-- DATA FOR THIS EXERCISE follows --

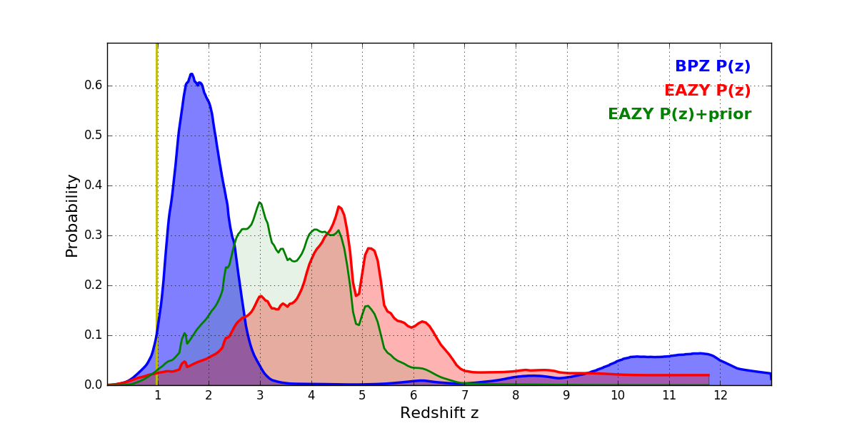 In P(z) plots: Yellow lines mark the cluster redshift z = 0.972,
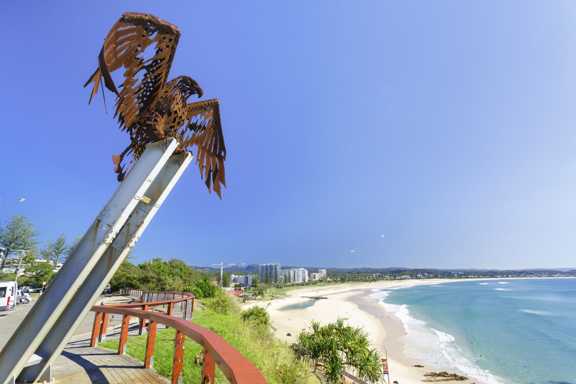 A walk around Kirra Point past the heritage-listed Kirra Pavilion is a must, and be sure to venture to the top of Kirra Hill and share the view of the iron eagle, a sculpture that stands on the lookout for the return of Kirra’s famous waves.
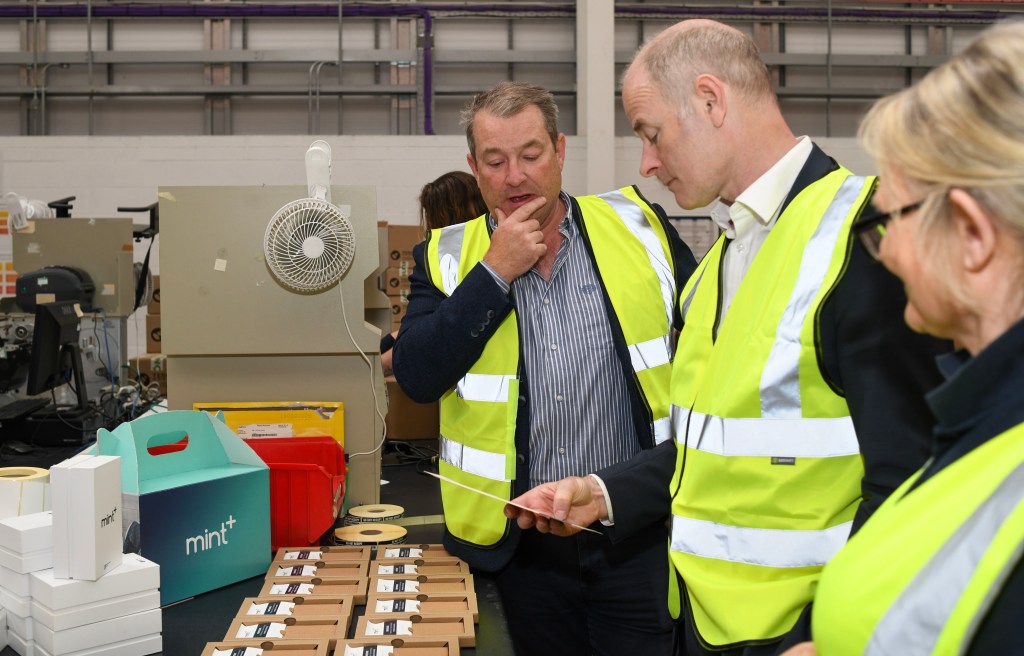 Minister Smyth was welcomed by Fónua’s Head of Circular Economy Philip Wilson to its premises in North Dublin where he was given a tour of the Fónua facilities, learning more about its circular economy model and its sustainability efforts to reduce electronic waste through the repurposing of phones.
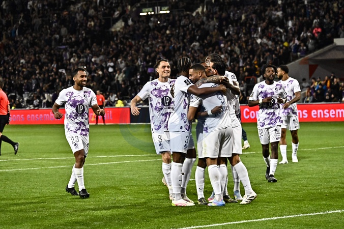 Joie but Yann Gboho (tfc) - Match de Ligue 1 McDonalds, Toulouse contre Lens (1-1) à Toulouse le 10 mai 2025. Ligue 1 McDonalds match, Toulouse against Lens (1-1) in Toulouse on May 10, 2025.
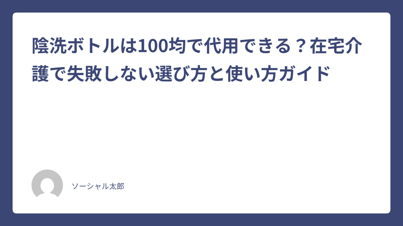社会福祉士として在宅介護のご家族をサポートしてきた中でも、「陰部洗浄のボトルは何を使えばいい?」というご質問はとてもよくいただきます。実際、現場でも100均の商品を上手に活用しているご家庭は少なくありません。
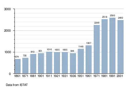 - ↑ "Popolazione Residente al 1° Gennaio 2018". Italian National Institute of Statistics. Retrieved 16 March 2019.
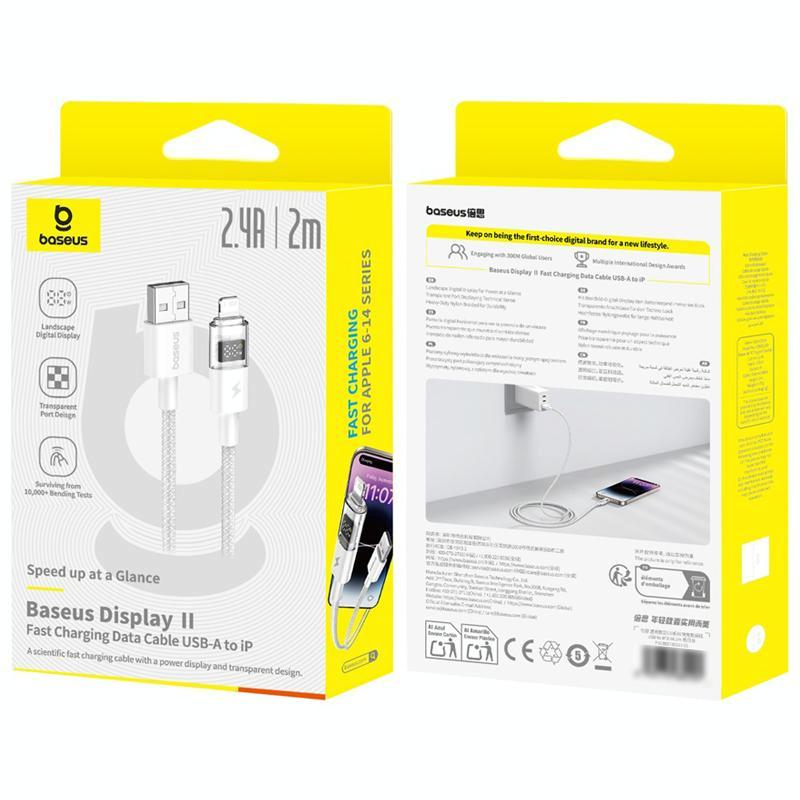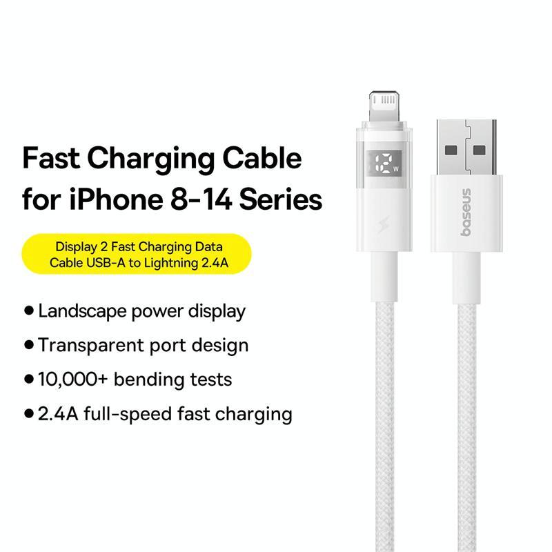 Baseus Display 2.4A USB-A to 8 Pin Fast Charging Cable, Length:2m(White) (Baseus)

-- DATA FOR THIS EXERCISE concluded --

No pictures belong in the copy: reproduce exactly the lines above from the one that contains "Joie but Yann" through the last line of the entries.

» **ANSWER SECTION**
 Joie but Yann Gboho (tfc) - Match de Ligue 1 McDonalds, Toulouse contre Lens (1-1) à Toulouse le 10 mai 2025. Ligue 1 McDonalds match, Toulouse against Lens (1-1) in Toulouse on May 10, 2025.
社会福祉士として在宅介護のご家族をサポートしてきた中でも、「陰部洗浄のボトルは何を使えばいい?」というご質問はとてもよくいただきます。実際、現場でも100均の商品を上手に活用しているご家庭は少なくありません。
 - ↑ "Popolazione Residente al 1° Gennaio 2018". Italian National Institute of Statistics. Retrieved 16 March 2019.
 Baseus Display 2.4A USB-A to 8 Pin Fast Charging Cable, Length:2m(White) (Baseus)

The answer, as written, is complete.